» **What needs to be done**: When you reach the line containing "About 35 Dillon, MT" in the data below, begin returning lines exactly as written, and stop once the line containing "1、在首頁點擊底部的加號按鈕,進入鬧鐘類型選擇頁面。" has been returned.
═════ Data extracts ═════
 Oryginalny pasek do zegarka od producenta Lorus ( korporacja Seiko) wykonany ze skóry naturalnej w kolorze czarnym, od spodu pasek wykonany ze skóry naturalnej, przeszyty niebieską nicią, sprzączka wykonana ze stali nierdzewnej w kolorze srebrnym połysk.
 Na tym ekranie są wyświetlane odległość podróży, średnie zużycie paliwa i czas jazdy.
═════
═════ Data extracts ═════
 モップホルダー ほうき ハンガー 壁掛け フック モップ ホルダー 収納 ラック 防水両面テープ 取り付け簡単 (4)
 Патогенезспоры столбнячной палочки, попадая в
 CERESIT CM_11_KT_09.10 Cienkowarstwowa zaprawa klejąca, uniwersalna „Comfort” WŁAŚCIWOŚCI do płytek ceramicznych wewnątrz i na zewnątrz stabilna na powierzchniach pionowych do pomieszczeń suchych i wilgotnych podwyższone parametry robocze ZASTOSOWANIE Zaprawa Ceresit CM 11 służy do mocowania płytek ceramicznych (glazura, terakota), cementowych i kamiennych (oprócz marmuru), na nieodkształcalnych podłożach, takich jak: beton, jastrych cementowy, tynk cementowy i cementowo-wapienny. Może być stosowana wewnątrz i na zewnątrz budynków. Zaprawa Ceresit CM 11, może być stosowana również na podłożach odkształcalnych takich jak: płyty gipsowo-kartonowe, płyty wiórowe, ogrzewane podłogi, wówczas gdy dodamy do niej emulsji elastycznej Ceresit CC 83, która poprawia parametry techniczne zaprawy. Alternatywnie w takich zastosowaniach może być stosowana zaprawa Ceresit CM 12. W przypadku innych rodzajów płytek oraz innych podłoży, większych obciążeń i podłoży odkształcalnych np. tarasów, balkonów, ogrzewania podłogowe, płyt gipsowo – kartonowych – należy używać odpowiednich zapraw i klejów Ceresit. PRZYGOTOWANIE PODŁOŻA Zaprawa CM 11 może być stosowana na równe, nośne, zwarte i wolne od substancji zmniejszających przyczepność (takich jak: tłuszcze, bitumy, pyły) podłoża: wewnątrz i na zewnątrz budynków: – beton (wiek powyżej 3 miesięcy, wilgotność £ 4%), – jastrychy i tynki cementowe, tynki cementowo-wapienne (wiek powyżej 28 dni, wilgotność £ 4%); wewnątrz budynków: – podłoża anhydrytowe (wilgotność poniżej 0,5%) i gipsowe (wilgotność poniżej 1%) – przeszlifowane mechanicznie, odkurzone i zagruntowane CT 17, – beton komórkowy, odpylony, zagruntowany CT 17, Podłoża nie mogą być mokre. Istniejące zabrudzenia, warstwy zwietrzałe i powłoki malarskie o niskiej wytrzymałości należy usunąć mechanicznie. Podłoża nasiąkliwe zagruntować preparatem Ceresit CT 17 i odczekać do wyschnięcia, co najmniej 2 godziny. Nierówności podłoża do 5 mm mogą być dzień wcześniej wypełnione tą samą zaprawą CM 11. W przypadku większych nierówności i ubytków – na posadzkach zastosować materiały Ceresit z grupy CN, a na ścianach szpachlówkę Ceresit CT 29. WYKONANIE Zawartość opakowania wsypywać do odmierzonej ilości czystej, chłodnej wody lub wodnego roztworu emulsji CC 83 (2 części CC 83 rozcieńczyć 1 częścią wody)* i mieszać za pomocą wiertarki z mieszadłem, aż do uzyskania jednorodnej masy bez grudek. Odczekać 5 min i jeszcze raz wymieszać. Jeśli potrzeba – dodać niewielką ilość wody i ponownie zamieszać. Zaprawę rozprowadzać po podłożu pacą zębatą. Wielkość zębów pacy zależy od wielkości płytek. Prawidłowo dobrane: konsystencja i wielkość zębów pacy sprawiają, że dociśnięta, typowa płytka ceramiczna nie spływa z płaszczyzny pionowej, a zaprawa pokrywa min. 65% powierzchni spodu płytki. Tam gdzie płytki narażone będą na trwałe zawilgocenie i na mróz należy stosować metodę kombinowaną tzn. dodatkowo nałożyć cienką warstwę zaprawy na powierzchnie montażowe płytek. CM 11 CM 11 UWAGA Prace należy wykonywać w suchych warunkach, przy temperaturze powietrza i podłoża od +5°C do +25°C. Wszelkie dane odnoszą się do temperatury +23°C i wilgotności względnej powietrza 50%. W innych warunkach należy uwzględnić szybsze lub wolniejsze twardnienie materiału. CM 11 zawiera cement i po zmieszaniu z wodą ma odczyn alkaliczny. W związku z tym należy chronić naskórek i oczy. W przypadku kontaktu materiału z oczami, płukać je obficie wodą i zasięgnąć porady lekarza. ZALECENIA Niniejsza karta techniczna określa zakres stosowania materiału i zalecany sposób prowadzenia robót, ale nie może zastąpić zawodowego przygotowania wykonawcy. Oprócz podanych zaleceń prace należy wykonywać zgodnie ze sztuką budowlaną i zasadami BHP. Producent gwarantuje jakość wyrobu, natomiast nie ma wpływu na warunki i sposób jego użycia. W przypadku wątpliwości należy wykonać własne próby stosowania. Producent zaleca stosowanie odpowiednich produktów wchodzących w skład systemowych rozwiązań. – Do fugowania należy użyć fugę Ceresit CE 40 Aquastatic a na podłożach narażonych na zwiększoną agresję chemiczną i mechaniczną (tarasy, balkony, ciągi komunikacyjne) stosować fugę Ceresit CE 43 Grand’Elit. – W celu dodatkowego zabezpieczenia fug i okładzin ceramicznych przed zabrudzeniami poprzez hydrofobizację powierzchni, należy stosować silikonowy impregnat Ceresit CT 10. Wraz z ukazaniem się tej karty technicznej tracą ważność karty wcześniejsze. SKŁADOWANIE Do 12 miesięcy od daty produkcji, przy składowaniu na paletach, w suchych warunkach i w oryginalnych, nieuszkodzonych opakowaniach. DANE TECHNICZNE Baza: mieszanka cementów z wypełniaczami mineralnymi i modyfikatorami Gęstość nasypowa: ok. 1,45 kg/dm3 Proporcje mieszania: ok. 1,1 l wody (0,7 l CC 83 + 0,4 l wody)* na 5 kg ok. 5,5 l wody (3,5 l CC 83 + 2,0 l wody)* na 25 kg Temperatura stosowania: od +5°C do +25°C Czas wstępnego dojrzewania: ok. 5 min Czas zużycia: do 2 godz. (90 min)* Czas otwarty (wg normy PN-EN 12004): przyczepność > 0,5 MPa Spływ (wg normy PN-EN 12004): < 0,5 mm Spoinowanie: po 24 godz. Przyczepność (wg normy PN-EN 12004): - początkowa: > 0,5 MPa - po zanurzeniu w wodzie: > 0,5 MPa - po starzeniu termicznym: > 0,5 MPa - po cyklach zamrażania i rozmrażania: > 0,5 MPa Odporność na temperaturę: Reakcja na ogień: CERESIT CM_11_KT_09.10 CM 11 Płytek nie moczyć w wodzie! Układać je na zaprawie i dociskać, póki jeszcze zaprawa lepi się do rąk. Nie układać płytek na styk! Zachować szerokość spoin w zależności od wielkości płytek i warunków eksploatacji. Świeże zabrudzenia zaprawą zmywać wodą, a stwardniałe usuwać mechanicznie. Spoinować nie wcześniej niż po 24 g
═════
═════ Data extracts ═════
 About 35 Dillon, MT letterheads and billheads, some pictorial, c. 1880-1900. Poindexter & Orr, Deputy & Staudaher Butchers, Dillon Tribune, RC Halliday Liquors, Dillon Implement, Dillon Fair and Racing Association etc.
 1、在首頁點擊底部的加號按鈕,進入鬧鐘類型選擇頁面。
═════
» **Response for this exercise**:
 About 35 Dillon, MT letterheads and billheads, some pictorial, c. 1880-1900. Poindexter & Orr, Deputy & Staudaher Butchers, Dillon Tribune, RC Halliday Liquors, Dillon Implement, Dillon Fair and Racing Association etc.
 1、在首頁點擊底部的加號按鈕,進入鬧鐘類型選擇頁面。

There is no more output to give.